我曾經和一位親愛的前輩進行過一次交流,它這樣指導我,魔術師的管家處理事務的手段從獵巫運動開始以來就沒有變過——對外折騰以便讓麻瓜們(此處作者使用了專有名詞,為便於理解在此改換為大眾流行文學中更易於理解的詞匯——編者)敬而遠之,對內折騰是為了讓主人認為一切順遂不需要折騰。因此,我們造魔術工房,和其他魔術師的使魔以及長得更像史萊姆的管家扯皮胡攪,和在莊園內亂飄的幽靈扯皮胡攪。啊是的,還要在像獵狐運動一樣的聖杯戰爭中上陣助拳,就算在這場魔術師們搞出來的好戲中獵人摔下馬被獵狗咬或者自己被捕獸夾夾斷腿的案例比捉到狐貍更多。好嘛,托主人的福,我現在不用這麽拼命,我那可憐的前輩參加了聖杯戰爭,結果老板和準老板娘雙雙蒙主寵召,現在只能蹲在工作坊的試管裏安度晚年,還沒有退休金。

基於此前車之鑒,在面對恩怨糾葛猶如一團亂麻的主從師生關系而我又無法處理時,我果斷選擇溜出房間,在主人和奧迪納先生掃墓歸來之後躲在臥室門外偷窺,萬一有什麽事隨時能腳底抹油。

“你有心事,迪盧姆多。”主人打開窗點了支雪茄,我打了個寒戰,穿堂風挺要命。

“您多慮了。”

“騙鬼去吧。”

“十分抱歉。”

“抱歉你個呆毛!”(事實上,此處為“抱歉個屁”,文雅起見,故刪改之——編者)主人捏緊了雪茄,好像蓋伊福克斯捏著根火柴。“說吧,迪盧姆多,關於什麽時候以及究竟想起多少關於上一次聖杯戰爭的事,我是指韋伯.威爾維特,而不是埃爾梅羅二世參與的那次。除了先前就和你挑明的,我所能想到讓你郁結的也只有這個了。”

“事實上,是那一次拿回雙劍的時候。只要回到英靈座,就可以看到之前的故事。”合著英靈座是臺藍光DVD機哪,他們那兒連有線電視費都不交怎麽錄的節目!啊重點不在這兒,奧迪納先生您的口風真嚴,這麽久連主人那兒都一絲風不露頗有MI5之風範!

“所以,你現在還在怨恨著肯尼斯?”

“大概是至死都不能得到主君信任以及協助他達成願望的遺憾更多一點。”

“那個時候能像現在這樣坦率大概會好點。”主人走過去扯了扯奧迪納先生的呆毛。“除了盡忠以外什麽都不要,那麽與主君的心意相通,對主君的了解之類的東西都不想要嗎?只是被SERVANT作為履行騎士忠義的對象而其他的一切都不重要,對於Master來說也不太愉快吧。能讓你和我坦率地交流,感覺是作為你的Master這麽久所獲得的最高成就啊。”

“是的,主人……但是……”

“我知道,雖然現在繼承了家名也算是理解和承認了他,不過肯尼斯教授的臭脾氣這麽多年來一直都比憑空被奪走雪茄的丘吉爾好點有限。”

“其實……主人……”

“你還在糾結什麽?”

“事實上,主人您說的這些我已經想過,不然我不會願意和您一起去墓地。”奧迪納先生支吾起來。“我在研究的是……我在掃墓時,究竟該稱呼肯尼斯教授為前主人,大舅子,還是岳父。”

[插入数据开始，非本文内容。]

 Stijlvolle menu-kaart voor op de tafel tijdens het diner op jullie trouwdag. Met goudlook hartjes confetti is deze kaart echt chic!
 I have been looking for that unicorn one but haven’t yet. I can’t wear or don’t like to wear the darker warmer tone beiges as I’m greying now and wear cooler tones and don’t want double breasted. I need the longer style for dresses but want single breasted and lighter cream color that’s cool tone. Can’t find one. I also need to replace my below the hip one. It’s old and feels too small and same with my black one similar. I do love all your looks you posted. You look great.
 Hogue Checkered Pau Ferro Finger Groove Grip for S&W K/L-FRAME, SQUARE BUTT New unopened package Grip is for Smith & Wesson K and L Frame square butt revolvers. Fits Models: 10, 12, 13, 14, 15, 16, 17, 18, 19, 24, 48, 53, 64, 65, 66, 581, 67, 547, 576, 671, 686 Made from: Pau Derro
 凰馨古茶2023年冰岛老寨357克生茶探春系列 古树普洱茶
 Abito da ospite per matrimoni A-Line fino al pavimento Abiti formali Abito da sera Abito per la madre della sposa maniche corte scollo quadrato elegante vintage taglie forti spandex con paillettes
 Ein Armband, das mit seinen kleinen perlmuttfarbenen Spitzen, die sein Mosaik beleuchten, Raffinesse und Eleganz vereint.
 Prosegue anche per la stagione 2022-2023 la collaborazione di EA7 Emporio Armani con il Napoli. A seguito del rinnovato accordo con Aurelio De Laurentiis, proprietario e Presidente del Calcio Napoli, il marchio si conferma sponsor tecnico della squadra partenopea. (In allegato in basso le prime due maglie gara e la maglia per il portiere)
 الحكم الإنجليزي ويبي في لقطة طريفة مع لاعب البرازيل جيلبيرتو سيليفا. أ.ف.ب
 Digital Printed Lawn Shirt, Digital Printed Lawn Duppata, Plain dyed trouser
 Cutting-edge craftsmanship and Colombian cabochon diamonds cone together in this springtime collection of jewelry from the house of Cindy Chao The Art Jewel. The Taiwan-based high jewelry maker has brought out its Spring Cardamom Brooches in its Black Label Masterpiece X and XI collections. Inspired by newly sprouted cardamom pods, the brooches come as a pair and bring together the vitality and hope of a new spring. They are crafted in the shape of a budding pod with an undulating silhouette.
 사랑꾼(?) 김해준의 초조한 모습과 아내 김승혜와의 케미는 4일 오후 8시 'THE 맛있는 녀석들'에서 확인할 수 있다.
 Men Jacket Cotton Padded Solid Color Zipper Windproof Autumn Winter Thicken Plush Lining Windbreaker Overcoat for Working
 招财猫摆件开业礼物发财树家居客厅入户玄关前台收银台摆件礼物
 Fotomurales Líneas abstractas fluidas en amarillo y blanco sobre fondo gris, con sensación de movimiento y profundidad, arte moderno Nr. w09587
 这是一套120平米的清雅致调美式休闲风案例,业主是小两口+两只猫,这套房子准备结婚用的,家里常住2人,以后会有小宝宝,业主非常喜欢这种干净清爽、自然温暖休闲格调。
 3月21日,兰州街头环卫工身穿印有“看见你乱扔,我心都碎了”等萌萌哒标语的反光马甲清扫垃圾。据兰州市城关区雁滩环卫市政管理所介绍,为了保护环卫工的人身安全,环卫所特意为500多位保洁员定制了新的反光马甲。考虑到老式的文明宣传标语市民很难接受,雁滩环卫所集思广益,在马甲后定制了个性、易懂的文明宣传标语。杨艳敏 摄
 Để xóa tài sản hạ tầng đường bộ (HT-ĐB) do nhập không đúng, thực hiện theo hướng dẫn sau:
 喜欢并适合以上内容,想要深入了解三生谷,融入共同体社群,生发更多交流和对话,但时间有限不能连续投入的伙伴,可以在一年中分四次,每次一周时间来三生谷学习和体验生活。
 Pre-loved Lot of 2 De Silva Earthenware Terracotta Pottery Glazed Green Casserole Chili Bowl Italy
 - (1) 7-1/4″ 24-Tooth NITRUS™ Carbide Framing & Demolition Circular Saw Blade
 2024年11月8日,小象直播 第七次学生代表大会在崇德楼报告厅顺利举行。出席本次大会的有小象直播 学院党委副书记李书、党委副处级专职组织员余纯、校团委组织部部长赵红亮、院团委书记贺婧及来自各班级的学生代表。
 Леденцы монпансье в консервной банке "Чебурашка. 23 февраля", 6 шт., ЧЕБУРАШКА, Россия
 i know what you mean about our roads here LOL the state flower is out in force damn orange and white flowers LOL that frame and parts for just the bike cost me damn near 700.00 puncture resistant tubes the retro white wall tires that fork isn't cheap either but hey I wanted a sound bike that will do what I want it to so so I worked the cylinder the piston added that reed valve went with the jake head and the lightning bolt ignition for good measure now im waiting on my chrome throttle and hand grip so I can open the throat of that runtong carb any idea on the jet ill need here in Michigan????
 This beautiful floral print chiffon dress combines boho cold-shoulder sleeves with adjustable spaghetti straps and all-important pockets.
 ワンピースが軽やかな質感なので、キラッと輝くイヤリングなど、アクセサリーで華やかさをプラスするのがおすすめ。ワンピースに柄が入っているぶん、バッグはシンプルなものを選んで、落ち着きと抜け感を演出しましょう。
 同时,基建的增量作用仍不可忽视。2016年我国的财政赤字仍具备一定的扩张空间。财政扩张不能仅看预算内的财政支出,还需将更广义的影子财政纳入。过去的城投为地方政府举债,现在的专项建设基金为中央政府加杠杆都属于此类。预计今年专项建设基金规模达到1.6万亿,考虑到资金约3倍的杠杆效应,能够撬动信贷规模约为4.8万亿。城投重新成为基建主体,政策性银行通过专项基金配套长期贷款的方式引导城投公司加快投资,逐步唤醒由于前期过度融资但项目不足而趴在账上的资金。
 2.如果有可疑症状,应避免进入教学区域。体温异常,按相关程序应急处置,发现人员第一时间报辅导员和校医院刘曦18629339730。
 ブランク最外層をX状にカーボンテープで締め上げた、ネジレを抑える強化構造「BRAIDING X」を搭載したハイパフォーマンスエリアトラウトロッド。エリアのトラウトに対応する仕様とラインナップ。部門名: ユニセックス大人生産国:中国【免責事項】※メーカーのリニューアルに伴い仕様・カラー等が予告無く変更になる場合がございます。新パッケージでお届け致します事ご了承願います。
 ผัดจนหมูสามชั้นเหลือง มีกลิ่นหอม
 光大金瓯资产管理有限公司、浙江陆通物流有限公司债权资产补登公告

後面的事恕我不能再寫下去啦,主人遞給我一瓶硫磺,告訴我如果多嘴就把它喝掉。別和我討論威武不能屈呀,您瞧,我只是個管家嘛。

說起來前頭有個不算BUG的BUG……教授家不是姓Archibald嘛,那莊園應該叫阿其盧波德莊園才對……只是一提起這個姓,我總腦補我的論文參考書裏一個檸檬教授在唧唧歪歪OTZ

1月7日

今天早晨,我剛打開時鐘塔的新聞號外第一版,連最新一期GOSSIP BIG BEN的八卦都還沒研究出個子醜寅卯,掌管降靈科,哦不對,現在已經官升一級的索菲亞利老頭就沖進來了。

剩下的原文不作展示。